(Stored entries)
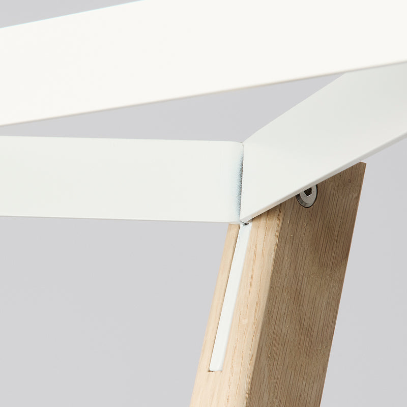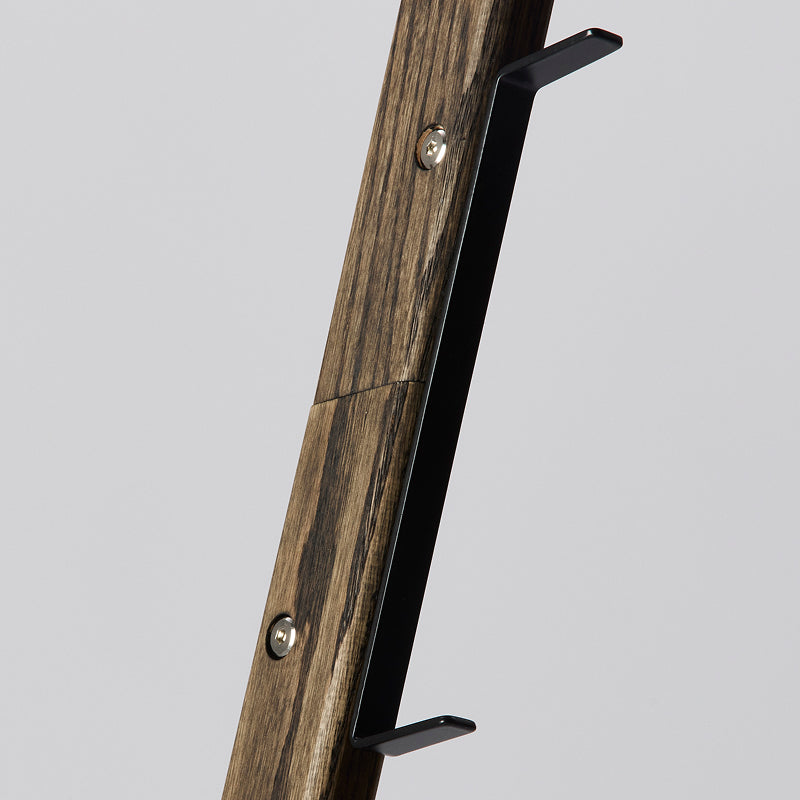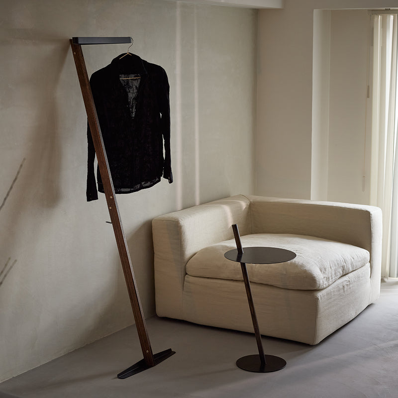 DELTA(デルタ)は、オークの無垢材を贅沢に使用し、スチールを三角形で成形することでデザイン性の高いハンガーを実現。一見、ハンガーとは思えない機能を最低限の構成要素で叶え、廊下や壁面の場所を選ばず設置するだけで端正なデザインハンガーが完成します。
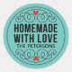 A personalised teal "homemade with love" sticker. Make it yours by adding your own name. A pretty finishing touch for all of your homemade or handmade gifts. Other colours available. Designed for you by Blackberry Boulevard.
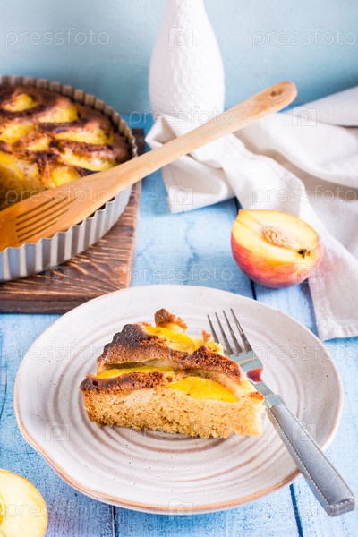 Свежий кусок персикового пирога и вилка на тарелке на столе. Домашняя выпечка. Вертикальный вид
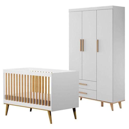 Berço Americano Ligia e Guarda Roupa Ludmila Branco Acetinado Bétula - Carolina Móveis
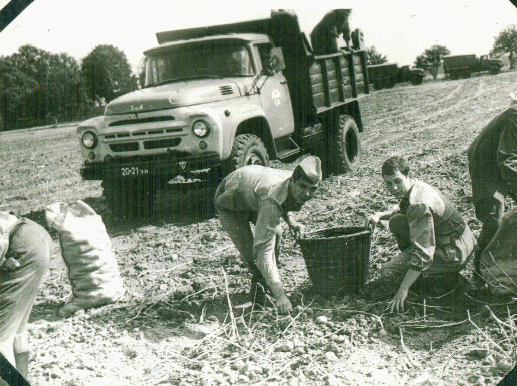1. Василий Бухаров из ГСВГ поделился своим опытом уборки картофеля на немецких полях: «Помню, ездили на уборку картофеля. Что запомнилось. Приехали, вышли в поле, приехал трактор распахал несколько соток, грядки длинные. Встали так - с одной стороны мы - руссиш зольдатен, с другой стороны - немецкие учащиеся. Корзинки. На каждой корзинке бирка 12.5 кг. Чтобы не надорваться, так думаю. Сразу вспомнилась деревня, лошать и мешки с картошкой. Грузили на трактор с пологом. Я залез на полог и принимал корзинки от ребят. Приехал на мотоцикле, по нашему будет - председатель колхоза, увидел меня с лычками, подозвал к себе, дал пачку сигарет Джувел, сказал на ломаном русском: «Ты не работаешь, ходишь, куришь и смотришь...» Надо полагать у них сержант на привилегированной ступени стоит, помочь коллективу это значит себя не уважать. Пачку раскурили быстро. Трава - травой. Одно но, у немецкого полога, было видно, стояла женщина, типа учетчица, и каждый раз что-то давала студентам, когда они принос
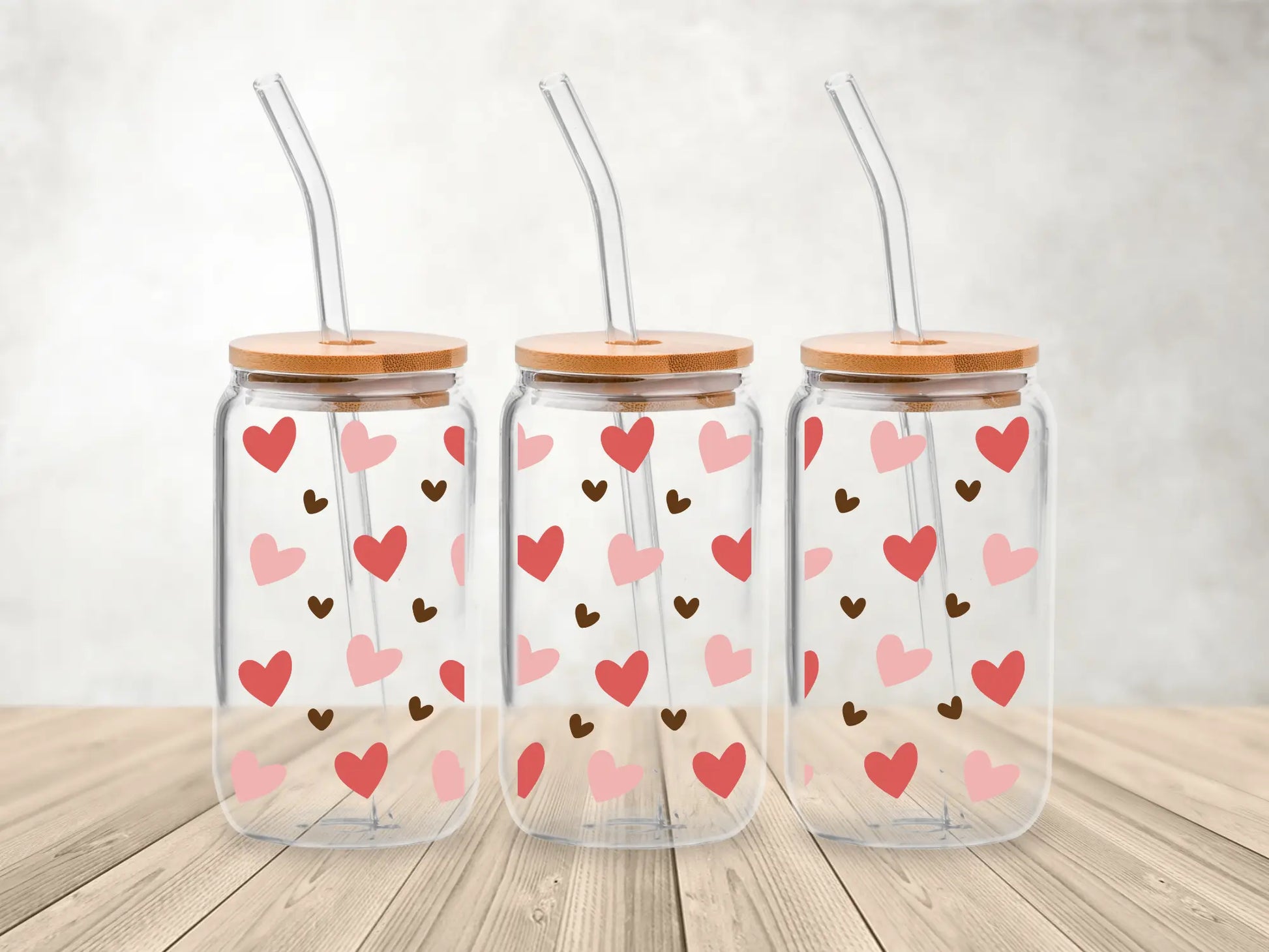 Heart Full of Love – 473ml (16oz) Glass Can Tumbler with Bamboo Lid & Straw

TASK DETAILS:
Take the line containing "Свежий кусок персикового" and every line after it to the end of the records, and restate them verbatim, with no pictures.

RESPONSE TO THE EXERCISE:
 Свежий кусок персикового пирога и вилка на тарелке на столе. Домашняя выпечка. Вертикальный вид
 Berço Americano Ligia e Guarda Roupa Ludmila Branco Acetinado Bétula - Carolina Móveis
1. Василий Бухаров из ГСВГ поделился своим опытом уборки картофеля на немецких полях: «Помню, ездили на уборку картофеля. Что запомнилось. Приехали, вышли в поле, приехал трактор распахал несколько соток, грядки длинные. Встали так - с одной стороны мы - руссиш зольдатен, с другой стороны - немецкие учащиеся. Корзинки. На каждой корзинке бирка 12.5 кг. Чтобы не надорваться, так думаю. Сразу вспомнилась деревня, лошать и мешки с картошкой. Грузили на трактор с пологом. Я залез на полог и принимал корзинки от ребят. Приехал на мотоцикле, по нашему будет - председатель колхоза, увидел меня с лычками, подозвал к себе, дал пачку сигарет Джувел, сказал на ломаном русском: «Ты не работаешь, ходишь, куришь и смотришь...» Надо полагать у них сержант на привилегированной ступени стоит, помочь коллективу это значит себя не уважать. Пачку раскурили быстро. Трава - травой. Одно но, у немецкого полога, было видно, стояла женщина, типа учетчица, и каждый раз что-то давала студентам, когда они принос
 Heart Full of Love – 473ml (16oz) Glass Can Tumbler with Bamboo Lid & Straw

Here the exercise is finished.